Comment 7 Adam Roben (:aroben) 2011-02-11 08:23:03 PST
I guess Tim is arguing that the authority part of safari-extension: URLs falls under "Registry-based Naming Authority", not "Server-based Naming Authority". I think I agree with him. Here's my attempt to clarify the argument.

From section 3.2 "Authority Component":

> Many URI schemes include a top hierarchical element for a naming
> authority, such that the namespace defined by the remainder of the
> URI is governed by that authority. 

This certainly applies to safari-extension: URLs.

> This authority component is typically defined by an Internet-based
> server or a scheme-specific registry of naming authorities.

safari-extension: URLs definitely don't use an "Internet-based server", and they do use a "scheme-specific registry of naming authorities".

In addition, section 3.2.2 "Server-based Naming Authority" specifically mentions "URL schemes that involve the direct use of an IP-based protocol to a specified server on the Internet", which does not describe safari-extension: URLs.

So, given that safari-extension: URLs do not use a server-based naming authority, what rules apply to their syntax? Section 3.2.1 "Registry-based Naming Authority" says only this:

> The structure of a registry-based naming authority is specific to the
> URI scheme, but constrained to the allowed characters for an
> authority component.
>
>    reg_name      = 1*( unreserved | escaped | "$" | "," |
>                        ";" | ":" | "@" | "&" | "=" | "+" )

Note that "hostname" isn't defined here at all; it's only defined for URIs that use a server-based naming authority. So presumably the prose in section 6 that mentions hostnames being case-insensitive doesn't apply here; safari-extension: URLs have no hostnames at all.
Comment 8 Alexey Proskuryakov 2011-02-11 10:37:40 PST
+        * platform/mac/fast/url/script-tests/TEMPLATE.html: Added.
+        * platform/mac/fast/url/script-tests/safari-extension.js: Added.
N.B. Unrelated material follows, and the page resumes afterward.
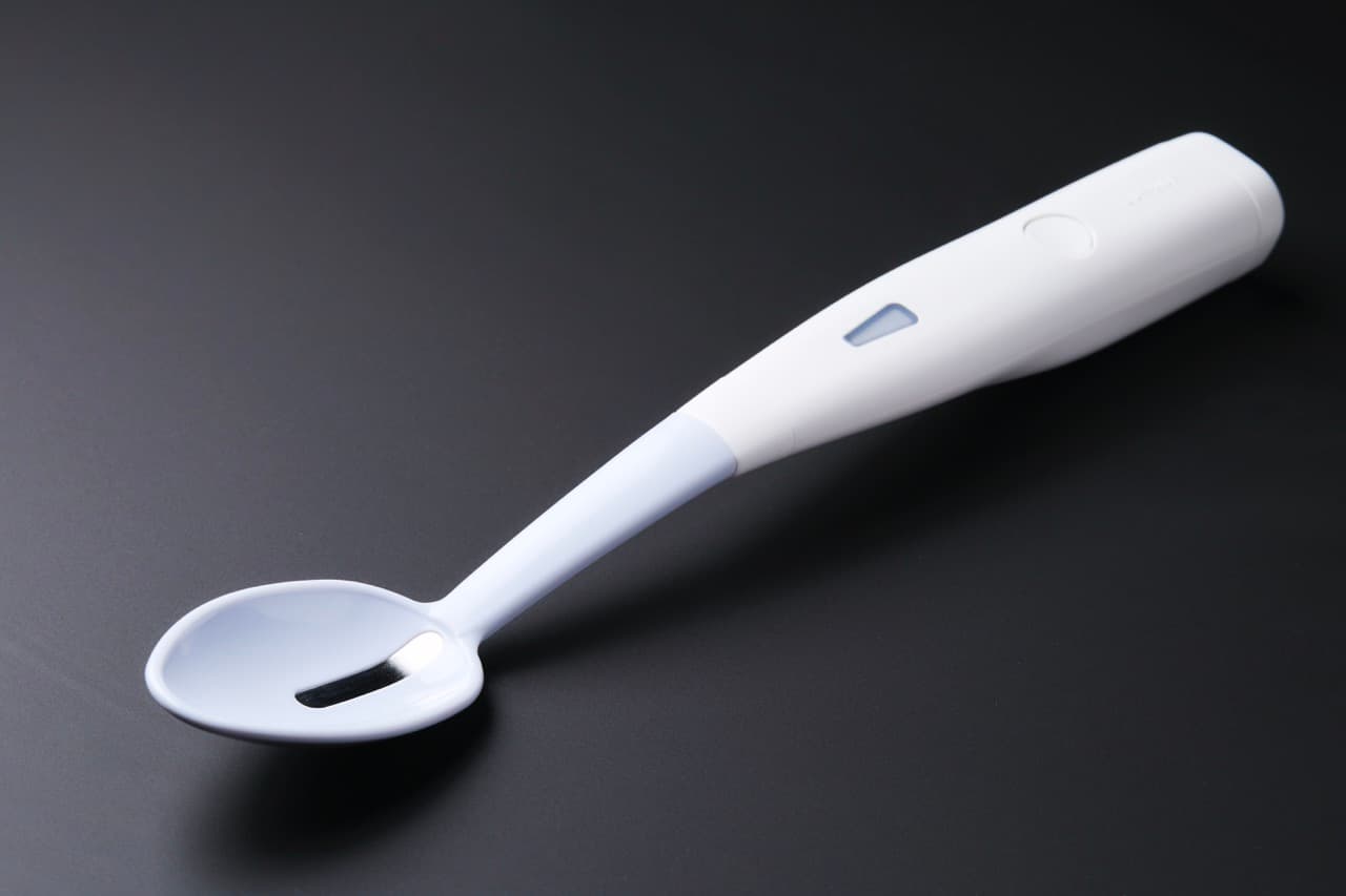 微弱な電流の力で塩味やうま味を引き出す「スプーン型」デバイス。普段の食事に使用することで味を濃く感じる。食の楽しみを失わず減塩生活を送っていただきたいという思いで製品化。2024年5月からオンラインストアで販売を開始。

Please don't add a script-tests directory.
Comment 9 Timothy Hatcher 2011-02-11 11:55:22 PST
Should we revert this KURL change so we can take our time considering the right fix?
Comment 10 Alexey Proskuryakov 2011-02-11 12:22:41 PST
I would encourage reverting if we cannot come up with a solution very quickly. We should also take a closer look at other schemes that may be affected by this change.
Comment 11 Eric Seidel (no email) 2011-02-11 13:47:02 PST
I'm confused by the r-.  Was it for the comment?
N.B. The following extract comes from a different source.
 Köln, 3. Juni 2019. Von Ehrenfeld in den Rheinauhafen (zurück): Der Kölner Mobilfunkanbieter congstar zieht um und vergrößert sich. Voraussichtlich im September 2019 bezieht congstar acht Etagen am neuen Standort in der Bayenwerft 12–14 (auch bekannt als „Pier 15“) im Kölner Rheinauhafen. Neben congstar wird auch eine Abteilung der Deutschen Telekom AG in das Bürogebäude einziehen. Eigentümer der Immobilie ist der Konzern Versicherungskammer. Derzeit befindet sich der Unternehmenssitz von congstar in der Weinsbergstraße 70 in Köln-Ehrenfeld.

It seems there were no negative comments about the code change.
Comment 12 Adam Barth 2011-02-11 14:14:39 PST
As discussed with Eric, this issue is coupled with the fact that KURL don't have a notion of a hierarchal URI scheme.
Comment 13 Adam Barth 2011-02-11 14:15:38 PST
More specifically, it attempts to infer whether a scheme is hierarchical based on its structure, which is different from how other browsers behave.
Comment 14 Eric Seidel (no email) 2011-02-11 14:24:29 PST
I'm working on a new patch which only lowers the host name for schemes which are known to be "standard".
http://www.google.com/codesearch/p?hl=en#R_oU-jn3RFk/trunk/src/url_util.cc&q=standardurl%20package:http://google-url%5C.googlecode%5C.com&l=62
Comment 15 Eric Seidel (no email) 2011-02-11 14:28:56 PST
(In reply to comment #13)
> More specifically, it attempts to infer whether a scheme is hierarchical based on its structure, which is different from how other browsers behave.
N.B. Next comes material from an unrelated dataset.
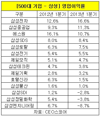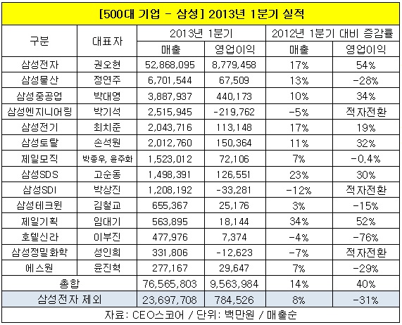 삼성전자는 올해 1분기 8조7천억 원의 영업이익을 거둬, 전년도 동기 5조6천억 원에 비해 54%나 증가했다. 제일기획이 52%, 삼성중공업이 34%, 삼성토탈이 32%, 삼성SDS가 30% 늘었다.

An example of what Adam is referring to:
https://bugs.webkit.org/show_bug.cgi?id=10323
Comment 16 Timothy Hatcher 2011-02-11 14:40:40 PST
The r- was not for the comment specifically — though the comment is incorrect according to my interpretation of the RFCs.

The r- was because special casing the "safari-extension" scheme is not the right solution. It sounds like you are working on the right solution now.
Comment 17 Timothy Hatcher 2011-02-12 09:28:08 PST
The original change that broke this was rolled out by Eric in r78395. Should we close this then?
Comment 18 Adam Barth 2011-02-12 11:30:36 PST
Sure.  This patch in this bug will likely be useful when we re-land hostname canonicalization, but this issue is resolved.